Our positioning regarding "being agile before doing agile" and our opinions around this topic shouldn't come as a surprise; but since SAFe™ (Scaled Agile Framework®), per Gartner’s May 2019 report, is the most considered and most used enterprise agile framework, and since we're seeing more and more enterprises going through organizational changes, we thought it was time to raise awareness on this topic again. We've come across organizations struggling with SAFe's over-standardized, phase-gated processes. Those processes create friction in the organizational structure and its operating model. It can also promote silos in the organization, preventing platforms from becoming real business capabilities enablers. The top-down control generates waste in the value stream and discourages engineering talent creativity, while limiting autonomy and experimentation in the teams. Rather than measuring effort and focusing on standardized ceremonies, we recommend a leaner, value-driven approach and governance to help eliminate organizational friction such as EDGE, as well as a team cognitive load assessment to identify types of teams and determine how they should better interact with each other.
ToughtWorks Radar 24 Hold technique: SAFe™
This could be a map for SAFe™ but no, is just a slide that was actually used in a briefing to the commanding general of U.S. forces in Afghanistan, Stanley McChrystal. It purported to explain U.S. counterinsurgency strategy in Afghanistan, all on one slide.
The first time I saw this as “agile” on Twitter I laugh. I thought it was just satire. This is actual SAFe™ map. Find the errors:
This is called "SAFe 5 for Lean Enterprises".
Other ways SAFe™ harmful? It violates the very first agile value: “Individuals and interactions over processes and tools”, being an upside-down version of it and is a truly industry (“used by 1,000,000 people in 20,000 organizations around the globe”! So much suffering in the world... gives me a broken heart) of a bloated framework that makes not only Waterfall looks like a good idea but is bad for the lean, agile and DevOps thinking and practices.

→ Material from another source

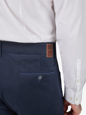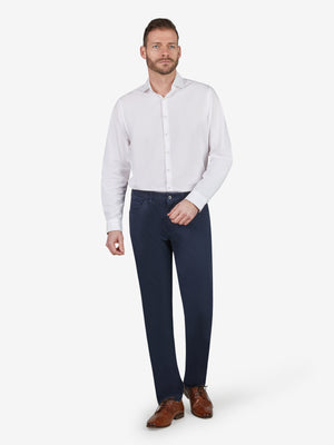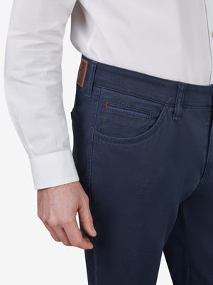 Comfortabele swing pocket met elastische comfort tailleband en overhemdstopper. Het dubbele muntzakje met paspel geeft de look een sportieve touch. Gemaakt van een bi-elastische katoenen twill met microstructuur. Gewicht: 405 g/rm Het model heeft een normale stijging en een slanke pijp met een smalle voetwijdte.

Allen Holub@allenholubJust curios, but has anybody seen an article endorsing SAFe written by someone who (1) actually understands and has worked in an agile environment (so no non-programmer journalists), and (2) doesn’t profit by selling SAFe training, consulting, books, &c.?19:27 PM - 21 Jul 2021
Scaled Agile Framework® and SAFe™ are trademarks of Scaled Agile, Inc. When I just copied the title of their map, just "SAFe 5 for Lean Enterprises", of course they inject some text on my clipboard:
© Scaled Agile, Inc. Include this copyright notice with the copied content. Read the FAQs on how to use SAFe content and trademarks here: https://www.scaledagile.com/about/about-us/permissions-faq/ Explore Training at: https://www.scaledagile.com/training/calendar/"
Top comments (2)
I have seen that this can be a challenge in some SAFe programs
Agile needs to apply to all levels of an organization.
There's also a risk on focusing on feature factories rather than built-in quality despite all the buzzwords in the SAFe maps such as Continuous Exploration and Continuous Delivery.
Three years ago I had a presentation about the history of agility as a practice and the separation between the "agile industrial complex" and "agility" as a concept forwarded by the Agile Manifesto.
Basically, going a bit alongside the last post screenshot here, indeed: of the people involved in formulating the Manifesto, how many are standing behind all the capitalisation horror that came from it? Basically, those that had some success with "frameworks" preceding the Manifesto (thinking the Crystal set of frameworks) and those making money from selling Agile to the masses (Scrum.org / Scrum Alliance and all other pseudo-Agile).
Dave Thomas in his series of presentations inspired by his essay "Agile is Dead" dubs SAFe as "Shitty Agile for Enterprise" and for a good reason.